All the above done, we can declare success: ETL complete - the data is now in shape.

Organization and Structure

Writing this document has taken far longer than writing the code. I had hacked all the code above into a builder window and got it running inside ten minutes. The temptation to keep hacking is strong; but ECL is really designed for a longer term view of things. Once you have the data up and visible it is usually a good idea to step back and plan for the longer haul. If I am planning to build more and more code around this item of data (and I do) then I should structure my code to make that easy. I also want to plan so that if I decide to use one of the other KJV downloads, or use a different version, as little code as possible has to change. The easiest, quickest way to do that is to encapsulate all the code related to this particular format into one module[3]. The code for the full module is below; although parts of it have not been explained yet.

import Std.Str AS *;

EXPORT File_KJV := MODULE
// Note - this will NOT work well in a distributed system as it requires iterates and rollups
// that stream from one node to the next.
// Of course - this file processes in almost no-time on a laptop - so multi-node should not be an issue
R := RECORD
  	STRING Txt;
  END;

d := DATASET('kjv_text',R,CSV(SEPARATOR('')));

R TextOntoReference(R le, R ri) := TRANSFORM
  SELF.Txt := le.Txt + ' ' + ri.Txt;
  END;

Rld := ROLLUP(d,LEFT.Txt[1]='$' AND RIGHT.Txt[1]<>'$',TextOntoReference(LEFT,RIGHT));

UNSIGNED GetChapter(STRING S) := (UNSIGNED)S[1..Find(S,':',1)-1];
UNSIGNED GetVerse(STRING S) := (UNSIGNED)S[Find(S,':',1)+1..];

R2 := RECORD
  	STRING5 Book := GetNthWord(Rld.Txt,2);
  	UNSIGNED1 Booknum := 0;
	UNSIGNED1 Chapter := GetChapter(GetNthWord(Rld.Txt,3));
	UNSIGNED1 Verse := GetVerse(GetNthWord(Rld.Txt,3));
	STRING Verse_Text := Rld.Txt[Find(Rld.Txt,' ',3)+1..];
  END;

t := TABLE(Rld,R2);

R2 NoteBookNum(R2 le, R2 ri) := TRANSFORM
  SELF.Booknum := IF( le.book=ri.book, le.booknum, le.booknum+1 );
  SELF := ri;
  END;

EXPORT Txt := ITERATE(t,NoteBookNum(LEFT,RIGHT));
EXPORT Key := INDEX(Txt,{BookNum,Chapter,Verse},{Verse_Text},'~key::kjv_txt');
EXPORT Bld := BUILDINDEX(Key,OVERWRITE);

EXPORT Layout_Reference := RECORD
  UNSIGNED1 BookNum;
	UNSIGNED1 Chapter;
	UNSIGNED1 Verse;
  END;

EXPORT Get(UNSIGNED1 pBookNum,UNSIGNED1 pChapter, UNSIGNED1 pVerse) := FUNCTION
	RETURN Key(BookNum=pBookNum,pChapter=0 OR pChapter=Chapter,pVerse=0 OR pVerse=Verse);
  END;

EXPORT GetBatch(DATASET(Layout_Reference) refs) := FUNCTION
	RETURN JOIN(refs,Key,LEFT.BookNum=RIGHT.BookNum AND LEFT.Chapter=RIGHT.Chapter AND LEFT.Verse=RIGHT.Verse,TRANSFORM(RIGHT));
  END;

  END;

If you hunt out the part 'EXPORT Txt :=' all of the code prior to that point should be familiar; all I have done is wrap it inside a module.

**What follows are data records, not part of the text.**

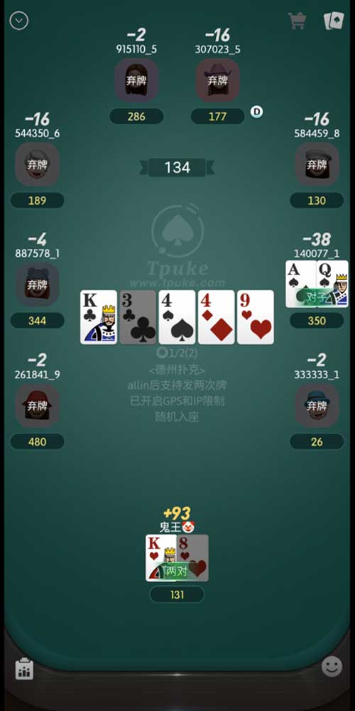 下注方式:玩家之间通过下注来争夺底池中的筹码。下注方式包括跟注、加注、盖牌放弃等。根据不同的比赛类型和规则,下注限制也会有所不同。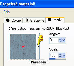 Passa il colore di primo piano a Motivi, seleziona il motivo @nn_patroon_pattern_nov2007_BlueRust.bmp, con i seguenti settaggi: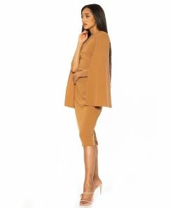 No matter the occasion, you’ll rest easy knowing that when you arrive in this women’s caped sleeve midi dress from ALEXIA ADMOR, you’ll be the best dressed there.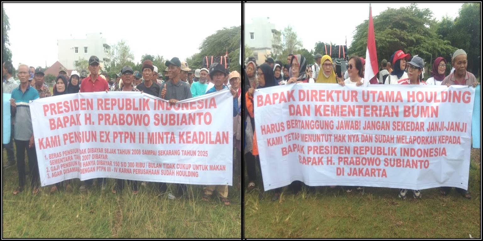 Tuntut Keadilan, Puluhan Pensiunan Eks PTPN 2, Demo Kantor PTPN 1 Regional 1Tanjung Morawa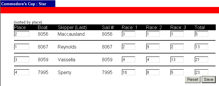 position. Once you have entered the results for each boat, click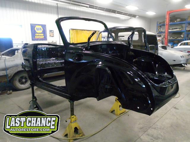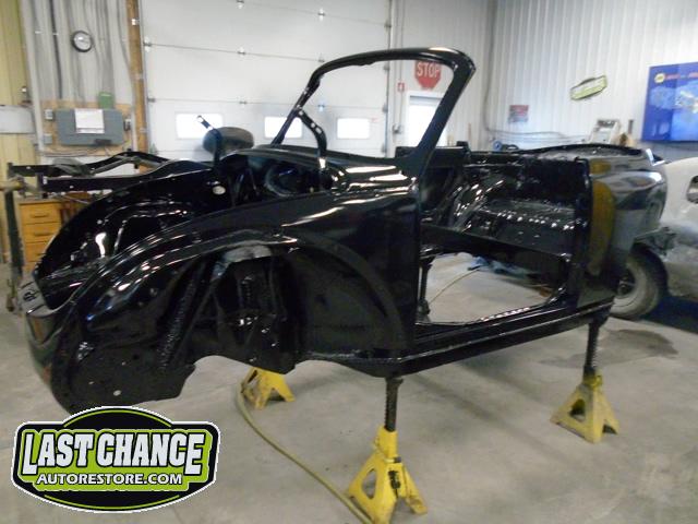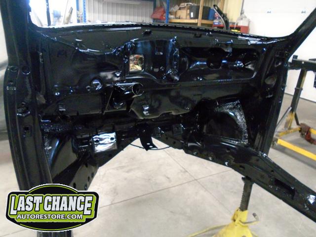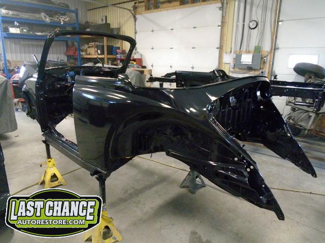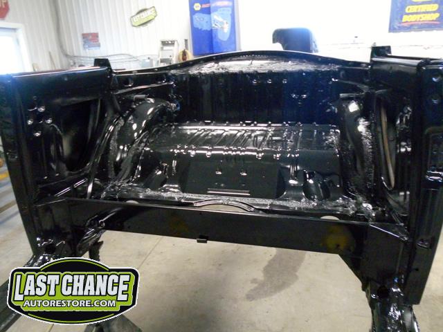 With all of the old factory paint sanded and removed from all areas of the body, it was washed and wiped down with a special degreaser and cleaning solution before the complete body received two coats of a special two part black epoxy metal sealer (to protect the complete car from future rust).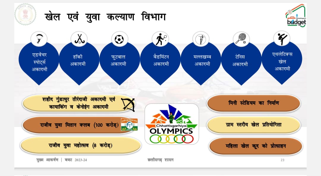 इस बजट में राज्य में खेलों को बढ़ावा देने के लिए विभिन्न राष्ट्रीय व अंतर्राष्ट्रीय खेल यथा एडवेंचर स्पोर्ट्स, हॉकी, फुटबॉल, बैडमिंटन, टेनिस, एथलेटिक्स जैसे खेल अकादमी की स्थापना का प्रावधान किया गया है। इसी तरह शहीद गुंडाधुर तीरंदाजी एवं कायाकिंग व केनोइंग खेल अकादमी की भी स्थापना की जाएगी।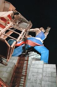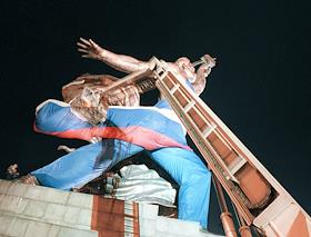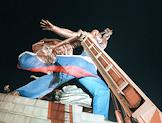 The action to save the monument by Vera Mukhina 'Worker and Kolkoznitsa'. The monument is being dressed in the white, blue and red clothes (colours of the flag of the Russian Federation). The costume symbolizes the need of the immediate restoration.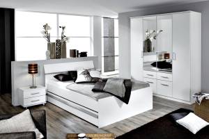 Pat cu somiera TARA WHITE 160 / 180cm alb mat/ nuc Pacific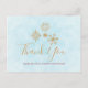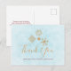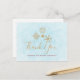 Cartão de agradecimento com uma ilustração de flocos de neve dourados sofisticados com formas cristalinas elegantes. Um fundo azul claro gelado. Mensagem personalizada no verso.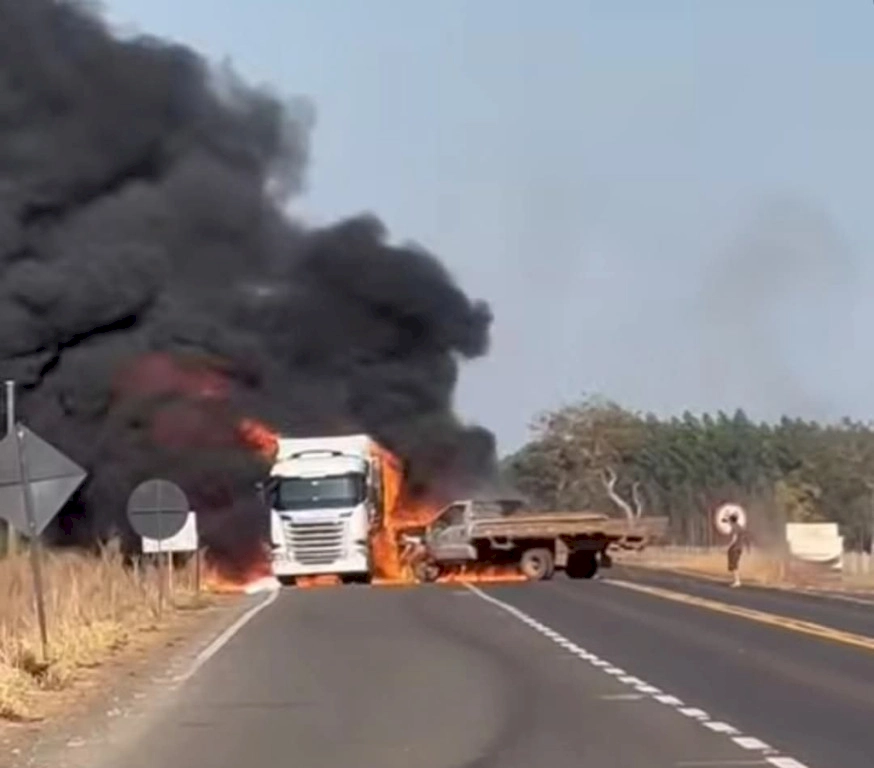 Caminhonete e carreta batem de frente e pegam fogo em rodovia estadual

Preparing the Core Data for Roxie

So, having ETL'd the data and given ourselves a coding structure, what is the next step? For me the next step is to get the core (or 'raw') data available inside Roxie so that it can be delivered to users using a UI (and not ECL). This is as easy as building an index, or rather, in our new structured world: providing the exports to allow the index to be built.

Whilst not required by ECL I have a convention that states that if I have a module wrapped around a dataset (and I usually do) then the principal key built from that dataset is called 'Key'. Further all the keys for a module should be buildable from a label 'Bld[4]'.

The module also exports a layout for the book-number, chapter number, verse number triple. Eventually I would expect that layout to split into a separate layout module that was shared between multiple datasets; however my general rule is that I don't abstract until the second time I need something[5].

The final task for this module is to allow the data to be fetched. Again keeping my interfaces simple I give myself an attribute Get that takes the book number, chapter and verse as parameters and returns the verses in question.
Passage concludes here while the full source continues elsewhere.